Pedinotus bororo Shimbori, Castro et Penteado-Dias , sp. nov.

( Fig. 2)

Type material. Holotype: female, “ Brazil, Mato Grosso, Sinop , X.1976, M. Alvarenga, Mal. Trap” ( CNCI).

Paratypes. 1 female, same data as holotype, but “ X.1974 ” ( CNCI) ; 1 female, “ Ecuador: Napo Pr. 8 km E. Mishualli 28.XII. 1987, 450 m, Mike Huybensz” ( UWIM) .

Description. Female. Body length 8.3–10.5 mm; fore wing length 6.3–7.2 mm.

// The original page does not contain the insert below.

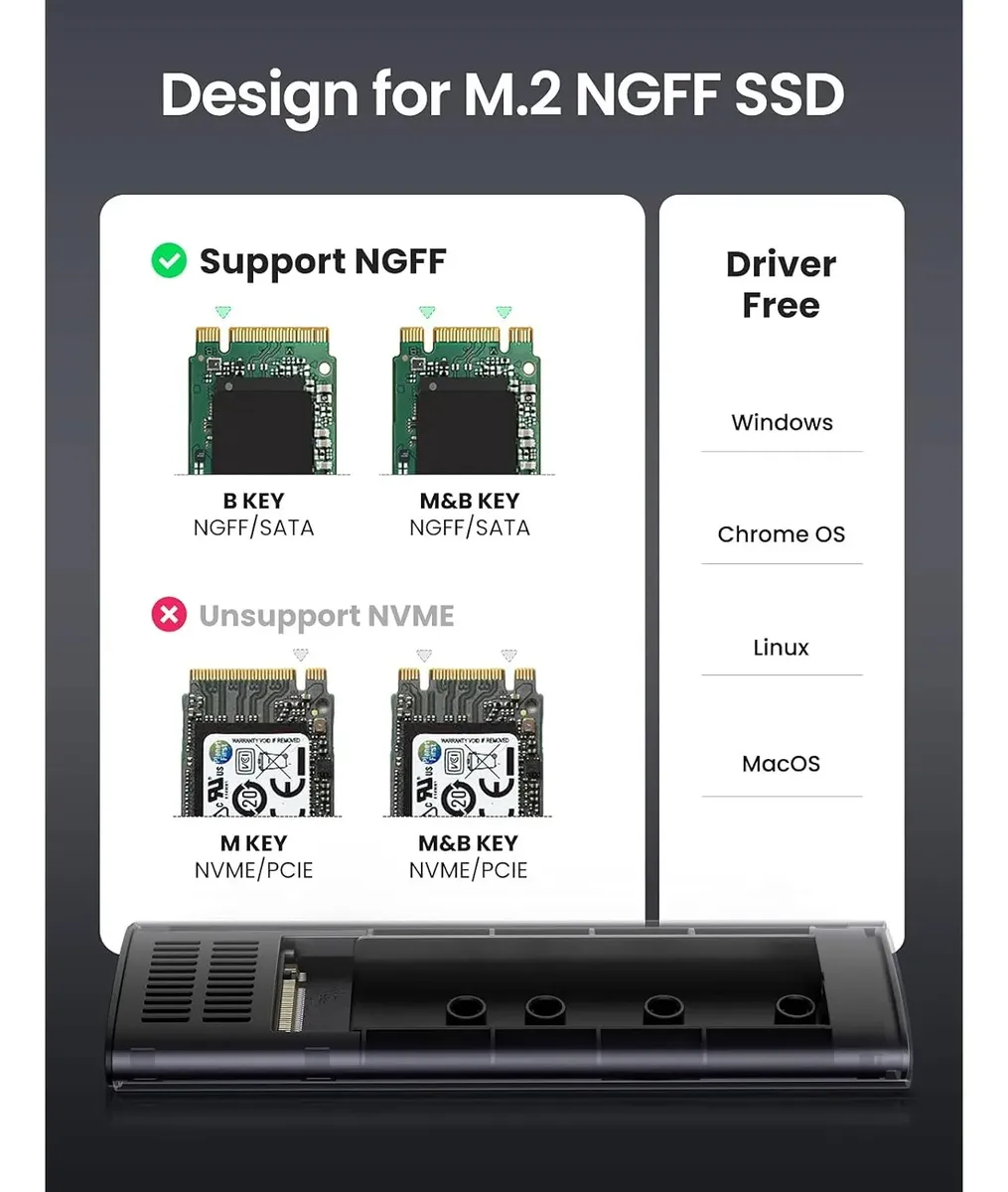 • Case externo para SSD M.2 NGFF (SATA) que convierte tu disco en portátil

Head width (dorsal view) 1.5–1.7 × its median length, 1.3–1.4 × maximum width of mesoscutum. Head behind eyes (dorsal view) roundly narrowed. Eye about 2.0 × longer than temple (dorsal view). Ocelli medium-sized, arranged in triangle with base 1.1–1.3 × its sides. POL 0.8–0.9 × Od, 0.3–0.4 × OOL. Frons weakly concave, with fine but distinct and long median longitudinal carina. Eye glabrous, 1.2 × higher than broad. Face width 0.8 × height of eye and 0.9–1.0 × height of face and clypeus combined. Malar space 0.2 × height of eye, 0.4 × basal width of mandible. Hypoclypeal depression width 0.9 × the shortest distance between depression and eye and 0.4 × width of face.

Antenna slender, almost filiform, with more than 52 antennomeres (apical flagellomeres missing). Scape 1.2– 1.4 × as long as its maximum width. First flagellomere 4.2–4.8 × longer than its apical width, 0.9 × longer than second flagellomere. Subapical flagellomeres 4.0–5.0 × longer than their maximum width.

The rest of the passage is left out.